## What you are asked to do
Every line below from the one with "色款RX140 PWM反向風扇,底部預裝3個白色款RX120 PWM反向風扇,後方預裝1個白色款" through the one with "Lot 38 of 679: A" is to be repeated exactly, with no picture among them.

Start of Data records

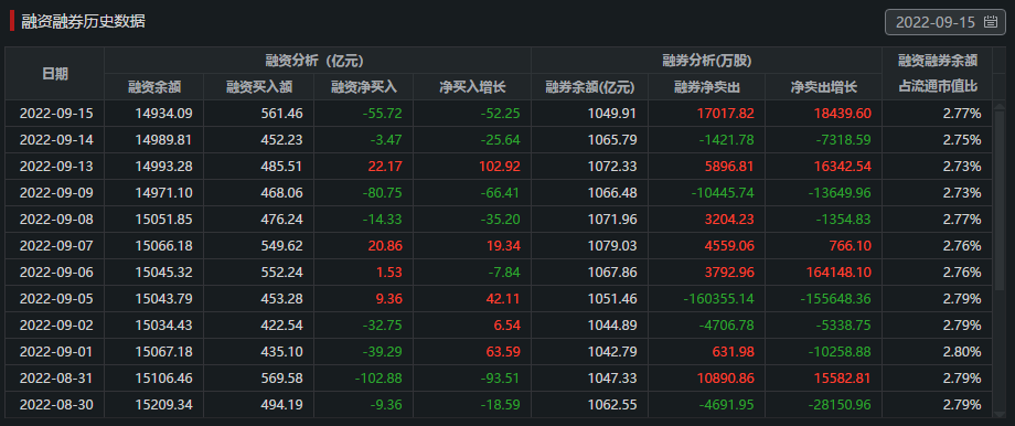 宽客财经9月16日讯,截至9月15日,上交所融资余额报7965.45亿元,较前一交易日减少27.37亿元;深交所融资余额报6968.64亿元,较前一交易日减少28.35亿元;两市合计14934.09亿元,较前一交易日减少55.72亿元。融资融券余额占流通盘比例为2.77%。
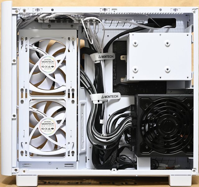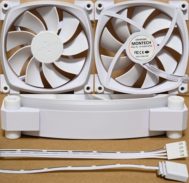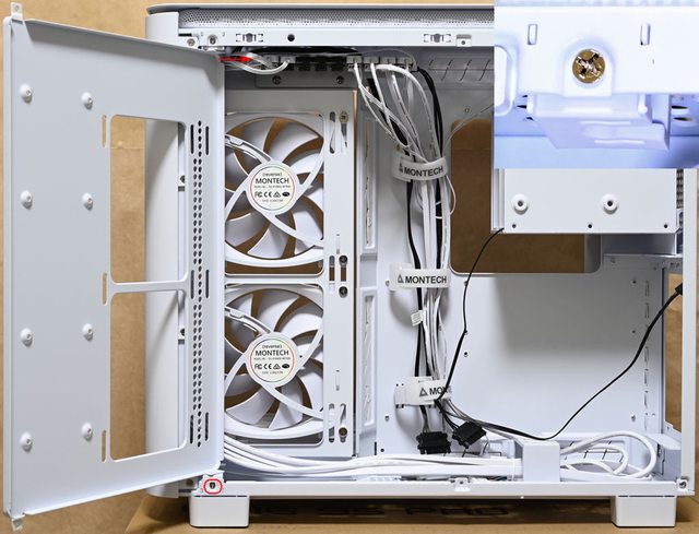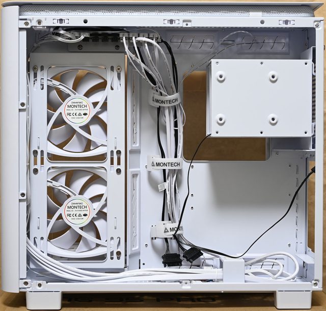 色款RX140 PWM反向風扇,底部預裝3個白色款RX120 PWM反向風扇,後方預裝1個白色款
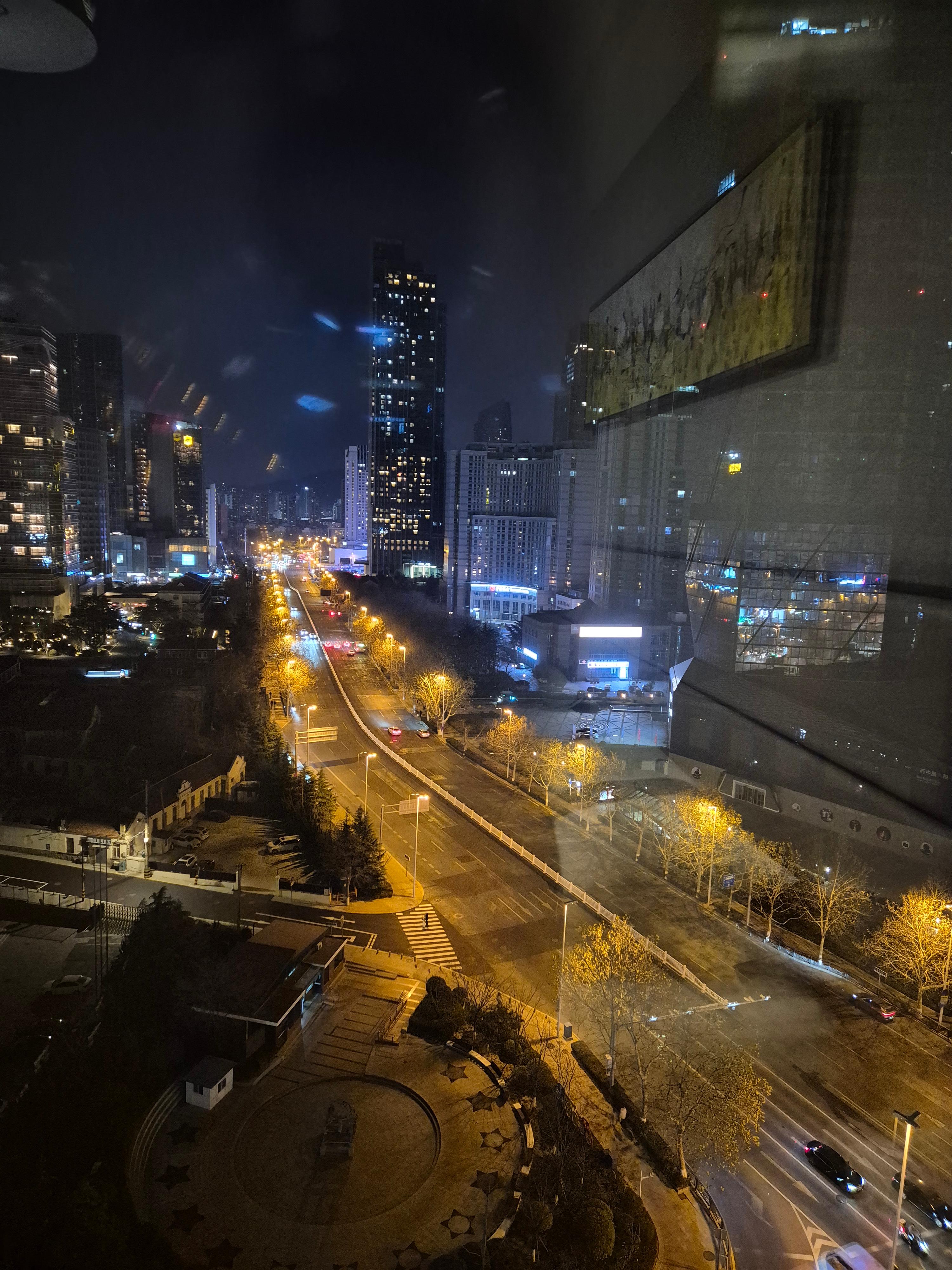 호텔에서 바라보는 마지막 밤입니다. 야시장에서 사 온 족발과 소시지와 함께 맥주 한잔하면서 하루를 마무리하네요.
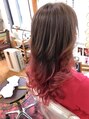 今回はグラデーションカラーに、ハイライトを少し中に入れて、上は明るさも希望だったので、スモーキーベージュ系で明るさを表現しつつ、下はピンクレッドで鮮やかさを表現しております^_^!
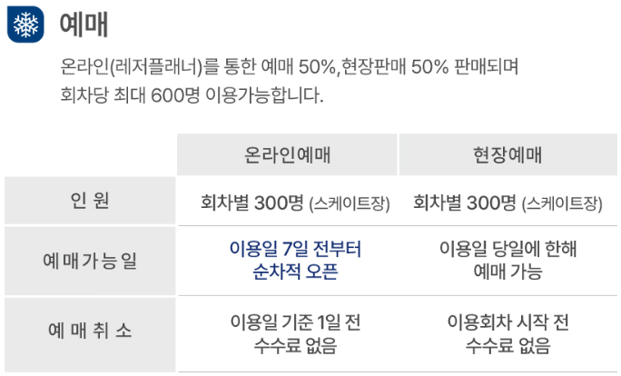 - 이용일 기준 7일 오전 10시부터 예매 가능
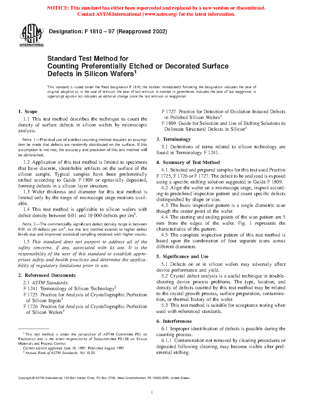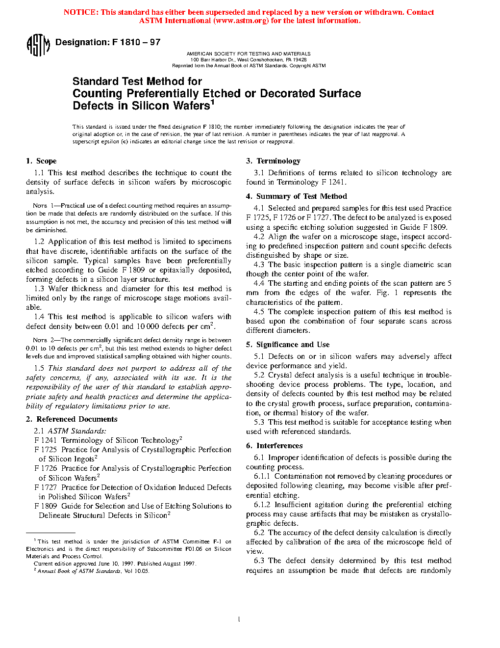 1.4 This test method is applicable to silicon wafers with defect density between 0.01 and 10 000 defects per cm2.
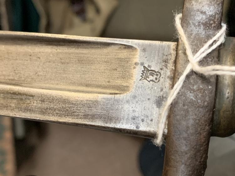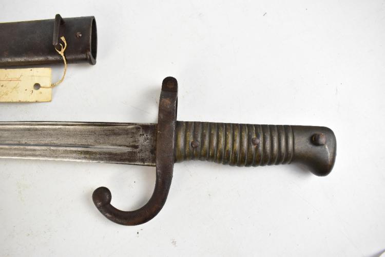 Lot 38 of 679: A 19th century French chassepot bayonet with ribbed brass grip and scabbard, length of blade 57cm, overall length 70cm.
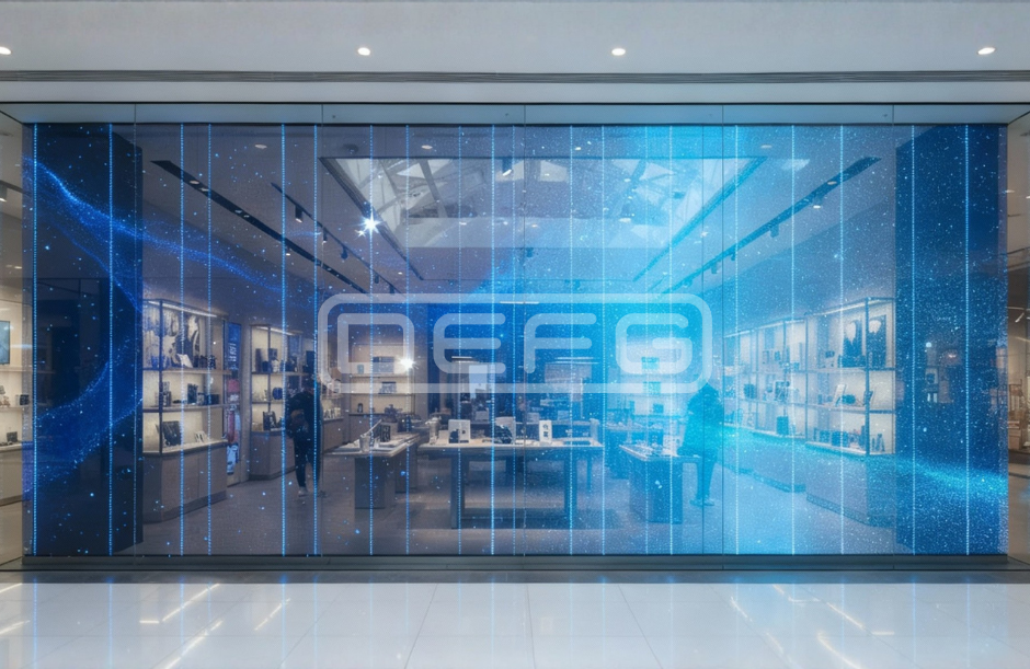- จอ LED ฟิล์มใส (LED Transparent Film Screen) มีค่าความโปร่งใสสูงมาก อยู่ที่ประมาณ 85-95% แม้ในขณะที่จอแสดงผลอยู่ ผู้คนก็ยังสามารถมองเห็นสินค้าที่อยู่ด้านหลังกระจกได้อย่างชัดเจน ทำให้การแสดงโฆษณาไม่บดบังสินค้าจริง เหมาะสำหรับหน้าร้านค้าและโชว์รูมที่ต้องการดึงดูดความสนใจจากลูกค้า
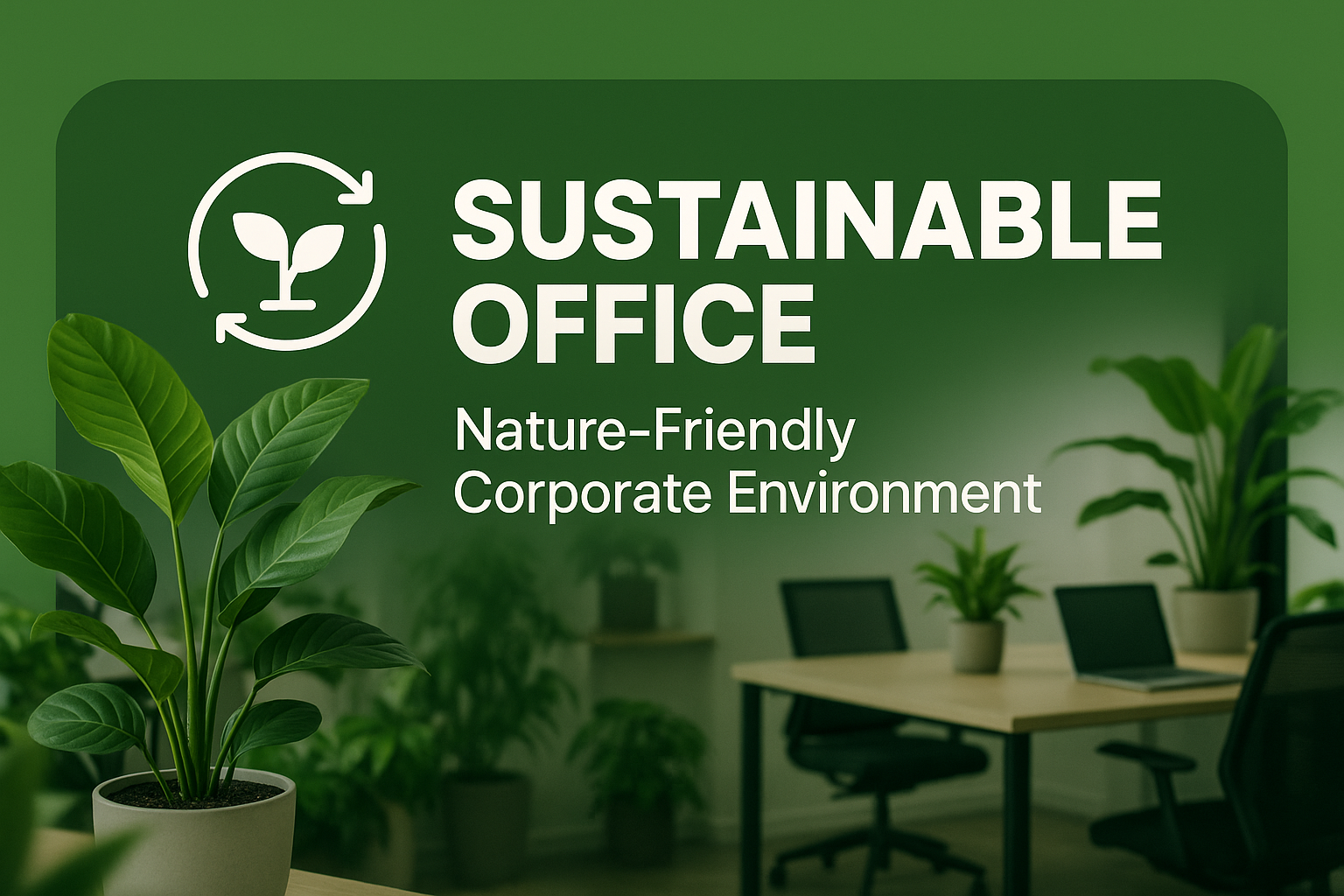 A promotional image depicting a sustainable office environment featuring greenery and modern design, ideal for marketing eco-friendly workplace solutions.

End of Data records

## Written answer
 色款RX140 PWM反向風扇,底部預裝3個白色款RX120 PWM反向風扇,後方預裝1個白色款
 호텔에서 바라보는 마지막 밤입니다. 야시장에서 사 온 족발과 소시지와 함께 맥주 한잔하면서 하루를 마무리하네요.
 今回はグラデーションカラーに、ハイライトを少し中に入れて、上は明るさも希望だったので、スモーキーベージュ系で明るさを表現しつつ、下はピンクレッドで鮮やかさを表現しております^_^!
 - 이용일 기준 7일 오전 10시부터 예매 가능
 1.4 This test method is applicable to silicon wafers with defect density between 0.01 and 10 000 defects per cm2.
 Lot 38 of 679: A 19th century French chassepot bayonet with ribbed brass grip and scabbard, length of blade 57cm, overall length 70cm.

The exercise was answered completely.